Los jornaleros indígenas
que siembran esas riquezas gastronómicas sufren una explotación emparentada con
la que sus ancestros vivieron en el porfiriato. Los salarios de hambre y
jornadas de trabajo interminables son la regla. Carecen de vacaciones pagadas,
seguridad social y días de descanso. En lugar de ir a la escuela, sus hijos
pequeños labran con ellos los campos. Lo usual es que vivan hacinados en
barracas o en modestas viviendas que carecen de servicios básicos. El agua
potable acostumbra ser un lujo.
Pero la explotación
salvaje que esos indios sufren pasa inadvertida en la sociedad mexicana. Es “normal”. De cuando en cuando, como
sucedió con la huelga de los jornaleros agrícolas de San Quintín, el mundo se
entera de su existencia. De vez en vez se anuncia que rarámuris o mixtecos
viven en condiciones de esclavitud en ranchos de Jalisco, Colima o Ensenada.
Sin embargo, lo usual es que sean tan imperceptibles como “Garabombo”, el célebre personaje de Manuel Escorza.

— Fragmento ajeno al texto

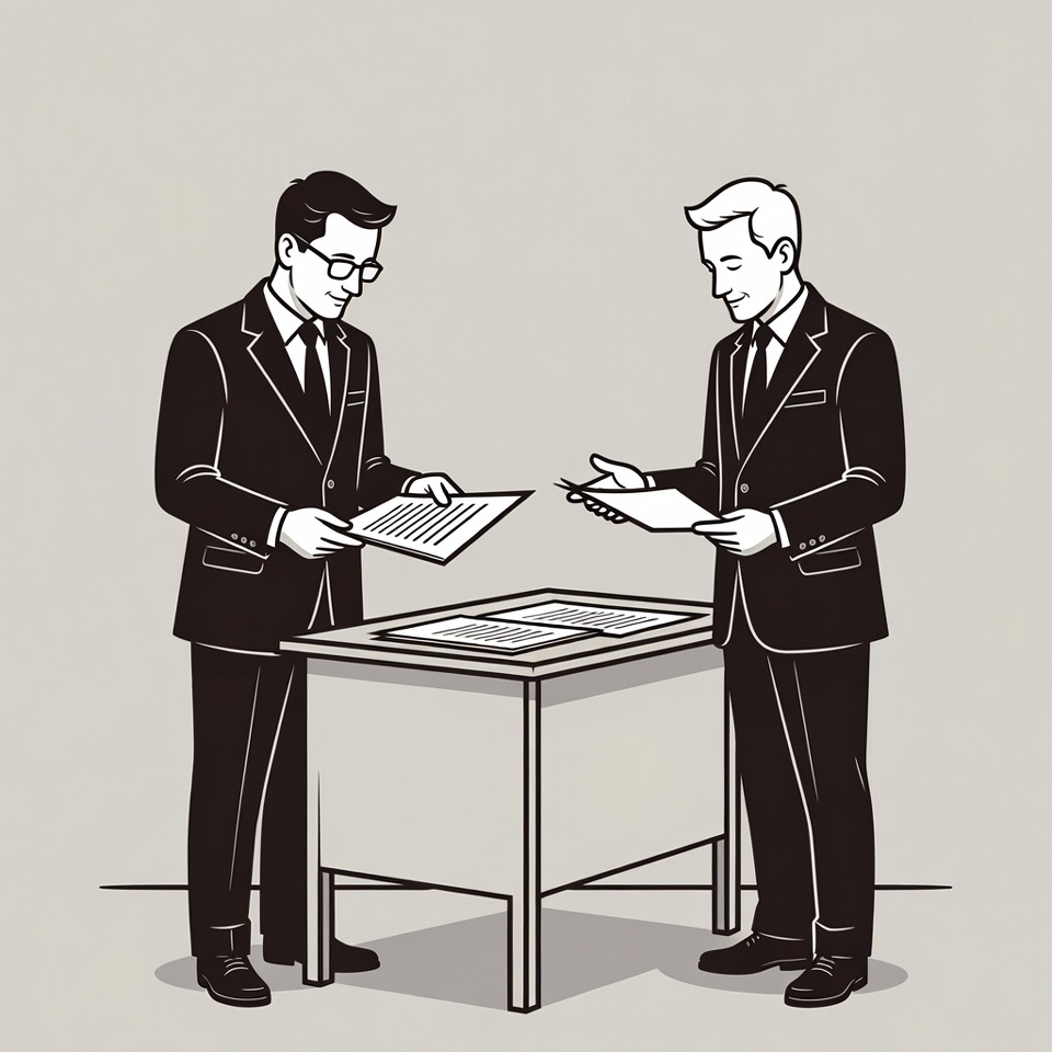 Two men in suits are discussing papers at a table. They appear focused on reviewing documents and exchanging ideas.
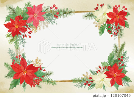 ポインセチアと柊のカラフルなクリスマスフレーム
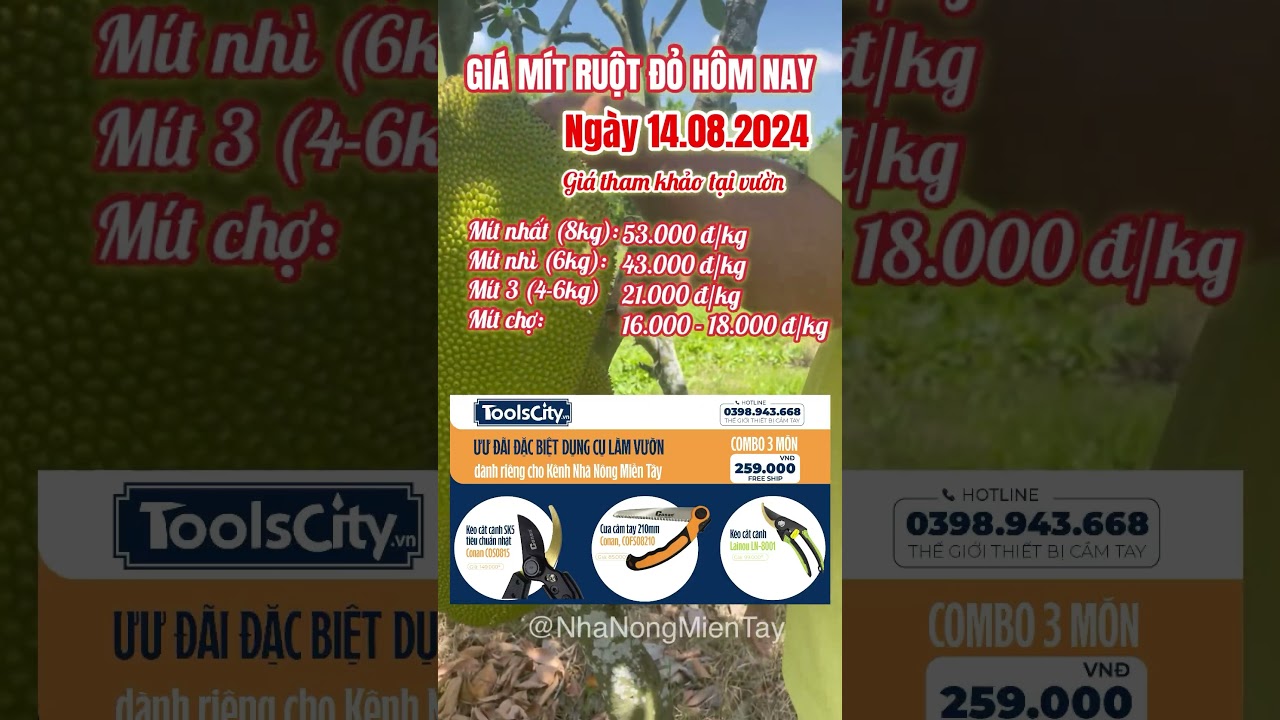 Giá mít ruột đỏ hôm nay ngày 14.08.2024: gia đi ngang #giá_cả_thị_trường #mitruotdo #nhanongmientay #mitruotdoindo
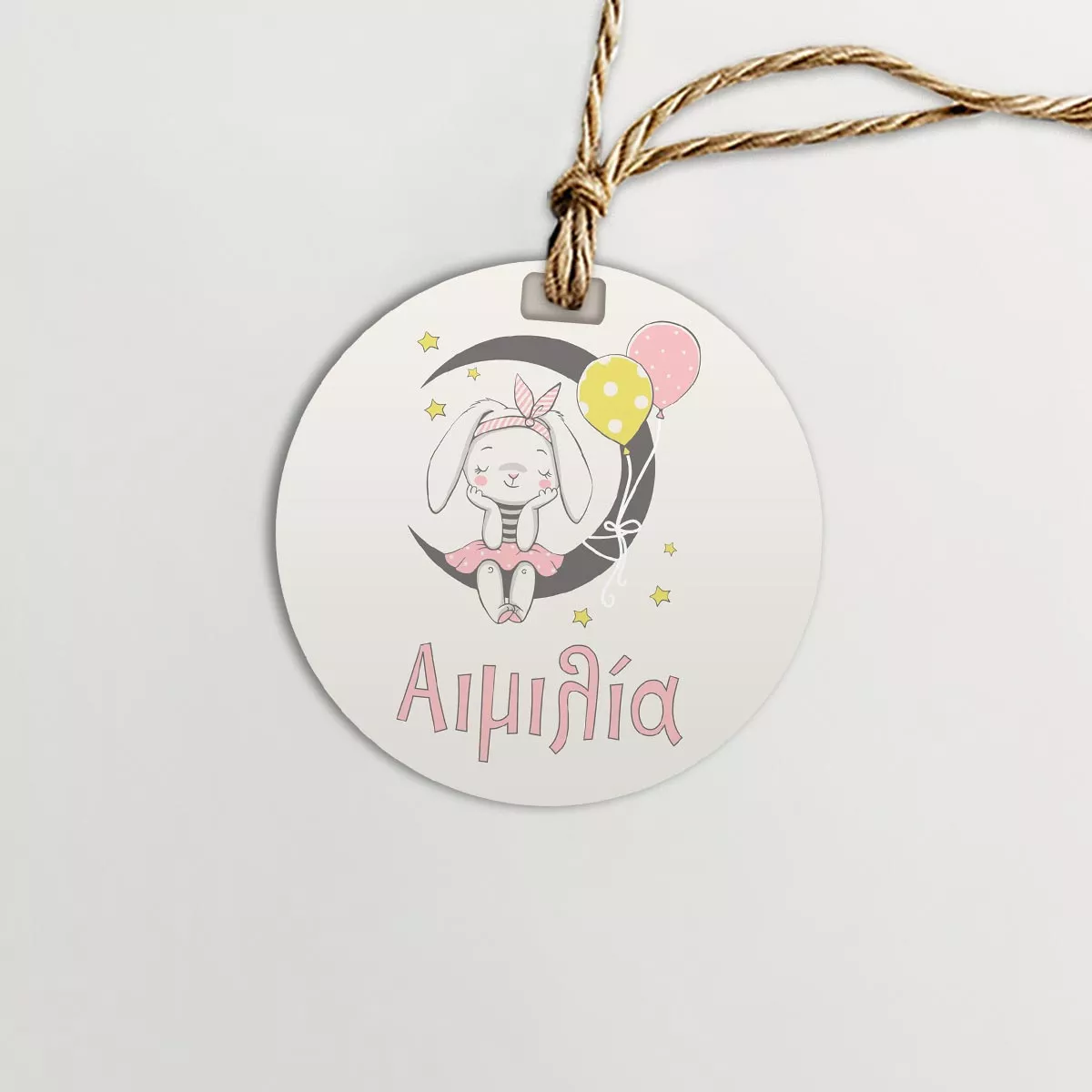Καρτελάκια ευχαριστήρια βάπτισης με το γλυκό ονειροπόλο λαγουδάκι στη σελήνη, ιδανικά για να δώσετε μια ξεχωριστή πινελιά στις μπομπονιέρες σας.
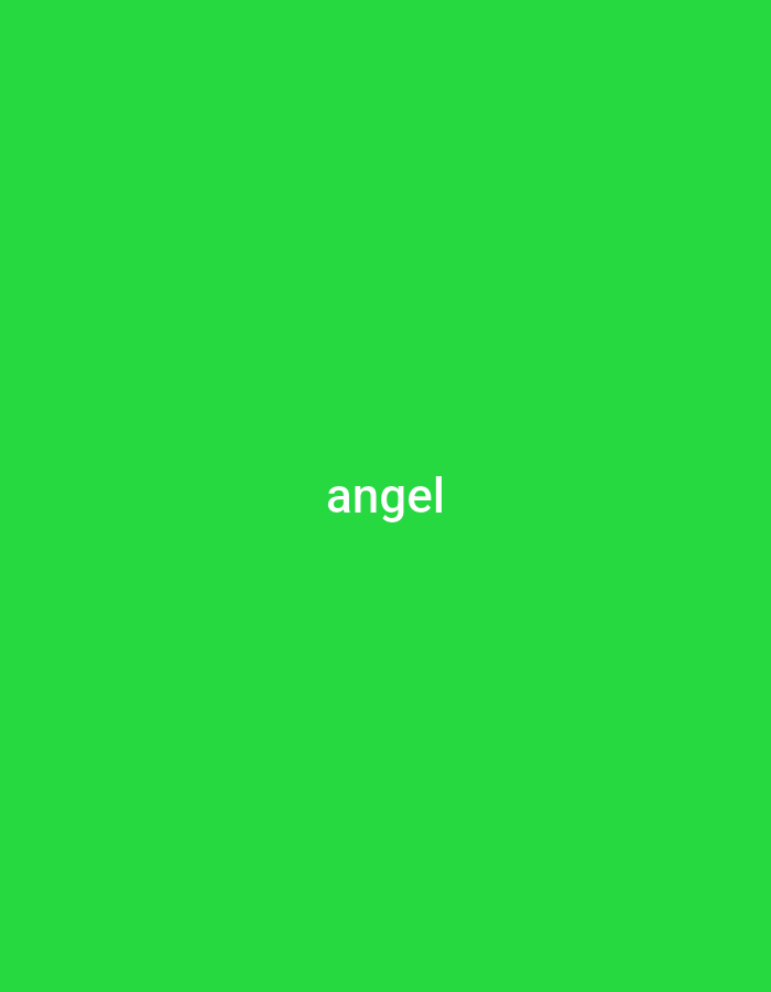 A vibrant green background fills the frame. Centered horizontally and vertically, the word "angel" appears in white, sans-serif font. The text is clear and legible against the bright green backdrop. The overall composition is simple, drawing focus to the word itself and its contrast with the solid background.

Al igual que sucede con el
vino o con las moras, no es inusual que detrás de una taza de café se encuentre
una historia de despojo contra los pueblos originarios. 70% de cultivadores del
aromático en México son indígenas, que en su mayoría tienen predios no mayores
a dos hectáreas. La caficultura es su forma de vida y columna vertebral de su
subsistencia.
Pero las compañías
trasnacionales, coludidas con el gobierno, buscan que esos productores
abandonen su actividad o siembren variedades de café de muy baja calidad.
Recientemente, Cirilo
Elotlán y Fernando Celis, de la Coordinadora Nacional de Organizaciones
Cafetaleras, denunciaron que además del poco apoyo a los caficultores, el
gobierno y las empresas buscan que los productores se desalienten y dejen el
cultivo, con la intención de que las compañías acaparen toda la producción y
mercado.
“Hemos tenido –advirtieron– infinidad
de amenazas de las grandes comercializadoras, porque en principio hoy lo que
reclaman es incrementar la producción, sacrificando el trabajo de los productores,
nuestros campos, la biodiversidad, a costa de los intereses de las empresas
trasnacionales”.
Los antiguos cafetales
están siendo arrasados por la acción combinada de la roya y la voracidad
empresarial. Hasta hace poco las plantaciones del aromático eran protegidas por
las sombras de chalahuites, cítricos, ixpepeles, platanares, guajes y
jinicuiles. Hoy, apenas son un fantasma de lo que eran.
Entre otras, esas grandes
empresas son básicamente dos: Nestlé y Coca-Cola.
Más que café, la Nestlé
vende saborizantes artificiales y promueve la sustitución del arábiga por el
robusta, variedad de poca calidad que necesita para sus mezclas. La Coca-Cola,
a través de la marca Andatti que vende en sus 10 mil tiendas Oxxo, ha inundado
con café chatarra el mercado.
En el tercer foro de
pueblos originarios de la sierra Tarahumara en defensa de sus territorios,
rarámuris y odamis reconocieron que sus problemas básicos son el despojo de sus
territorios, la explotación de sus reservas naturales y la intervención de
compañías trasnacionales y locales.
Acordaron que es necesario
volar todos juntos (todos los pueblos indígenas) para tener mayor fuerza. Sus
conclusiones son similares a las que han llegado los kiliwas o los jornaleros
agrícolas, o los pequeños productores de café o centenares de comunidades en
todo el país.
Invisibilizados por el
poder, los pueblos originarios organizados con el Congreso Nacional Indígena
(CNI) y el EZLN discuten hoy si promueven la candidatura a la presidencia de
una mujer indígena en 2018. Una candidatura que obligue a la sociedad mexicana
a voltear a verlos. Una candidatura que hable no sólo de pobreza y desigualdad,
sino de explotación, despojo y discriminación. Una candidatura que les permita
volar todos juntos para tener mayor fuerza.